In the case where the reception preamplifier PA is the differential input amplifier, the connection of the bias circuit(s) VB to both or either of differential input differentially amplifies a noise component generated by the bias circuit VB and degrades the S/N ratio (signal-to-noise ratio) of the reception portion. It is accordingly desired to realize a reception preamplifier in which the influence of noise generated by the bias circuit VB is suppressed to improve the S/N ratio of the reception portion and to afford a favorable minimum reception sensitivity characteristic.
Each standard radio wave conforms to the AM modulation scheme, and the information transmission thereof is as very slow as 1 bit/sec, so that an AGC scheme in which the ratio between the large and small amplitude levels is held correct for a long time is required.

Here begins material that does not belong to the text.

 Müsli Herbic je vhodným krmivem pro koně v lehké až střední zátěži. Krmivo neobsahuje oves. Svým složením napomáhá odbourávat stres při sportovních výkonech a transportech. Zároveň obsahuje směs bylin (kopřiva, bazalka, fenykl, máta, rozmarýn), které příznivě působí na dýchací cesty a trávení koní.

Therefore, it becomes necessary to enlarge the holding time constant of the peak detection circuit PDet or the time constant of the low-pass filter LPF. When the time constant is enlarged, a large time constant capacitance is necessitated, a time period since the start of reception till the stabilization of AGC becomes long, and an AGC follow-up speed in the case of a reception level fluctuation lowers.
It is accordingly desired to realize an AGC circuit which can attain such an AGC operation that the increase of the time constant capacitance can be suppressed to hold the ratio between the large and small amplitude levels correct for long, that the time period since the start of reception till the stabilization of the AGC is short, and that the follow-up speed in the case of the reception level fluctuation is high.
In peak-value envelope detection for the AM-modulated wave as employs a rectifier, a detection waveform rises fast and falls slowly as indicated by a broken-line waveform in FIG. 7, so that a pulse width precision for discriminating the time code degrades to lower a reception time accuracy. It is accordingly desired to realize a detection circuit which can produce an output precisely corresponding to a peak-value envelope.